WHAT IS EXPECTED:
Could you restate word for word each line from the top of the listing below through the line containing "- раскрасьте лошадь."? Keep the pictures out.

AVAILABLE DATA:
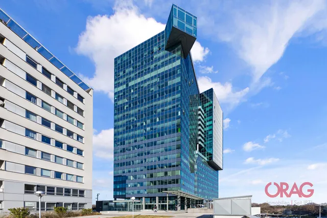 The building is structured by an unmistakable interplay of recesses and bay elements. Numerous terraces and balconies offer a breathtaking view of the city and the adjacent Danube Park. Generous glass surfaces also allow unique views from inside the building.
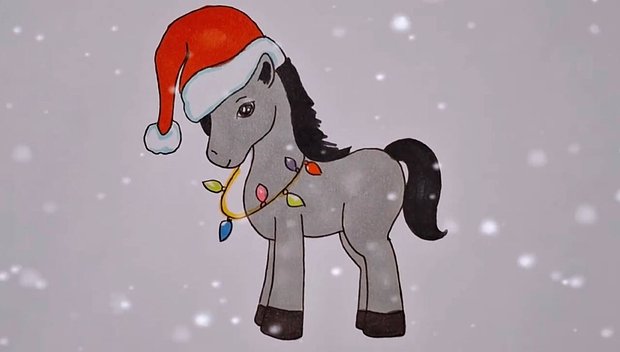 - раскрасьте лошадь. Колпак сделайте красным,а огоньки на гирлянде — цветными.
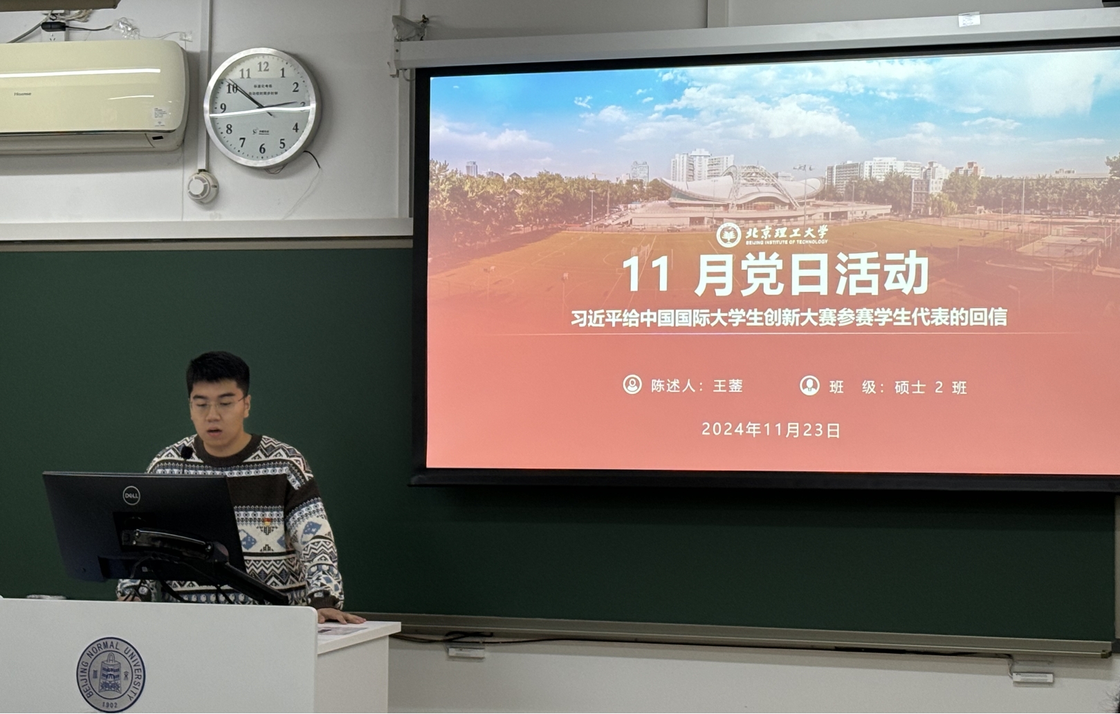 随后,北京理工大学医学技术学院硕士第二党支部的王蓥同志就“习总书记对‘互联网+’大赛回信”这一主题进行了汇报分享。习近平总书记高度重视青年一代的创新创业教育,多次强调创新是引领发展的第一动力,青年是国家和民族的希望,创新是青春远航的动力,创业是青春搏击的能量。总书记的回信体现了对青年一代的殷切期望和对教育事业的高度重视,鼓励广大青年积极投身创新创业实践,为实现中华民族伟大复兴的中国梦贡献智慧和力量。
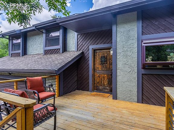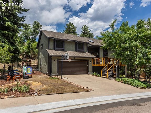 Discover Your Dream Retreat: A Home That Feels Like a Permanent Vacation! This custom home is nestled on a quiet, secluded cul-de-sac on the coveted West side, this completely remodeled and updated home offers an unparalleled living experience. Surrounded by majestic trees and captivating rock formations, this property, where you enjoy outdoor living like few others can. The enormous deck spans the entire back of the home, perfectly perched among a large thicket of trees, with a storybook-like second wing leading to a path up the slope of your backyard to a playhouse/fort. From the top of your yard, relish 360-degree views Experience glorious Colorado sunsets against the mountain range, watch The Thunderbirds during AFA graduation week, enjoy the Labor Day Lift-off weekend hot air balloons, and multiple fireworks shows on the 4th of July from your “Top of the World” perch. This home is situated in a neighborhood where outdoor living is a way of life, with cyclists, dog walkers, and a variety of wildlife, including bobcats, deer, wild turkeys, all making frequent appearances, while an occasional black bear might make an appearance as well. The stunning master suite has a walk out to the deck as well as an oversized shower and walk-in closet. With 4 bedrooms, 3.5 baths, and a full 2-car garage, there’s plenty of space for everyone. The oversized 0.4-acre lot is full of trees, providing ample privacy and play space, including a fun clubhouse. Custom interior and exterior paint throughout, a brand new Smart WiFi Enabled LG Double Wall oven with TurboCook Speed oven & True Convection Oven, Washer and Dryer, and new carpet on the upper and basement levels. The home is xeriscaped in the front and back with natural landscaping, meaning no yard work, and is lined with an invisible fence for the family pooch. Your forever vacation home is ready and waiting.

THE ANSWER:
 The building is structured by an unmistakable interplay of recesses and bay elements. Numerous terraces and balconies offer a breathtaking view of the city and the adjacent Danube Park. Generous glass surfaces also allow unique views from inside the building.
 - раскрасьте лошадь. Колпак сделайте красным,а огоньки на гирлянде — цветными.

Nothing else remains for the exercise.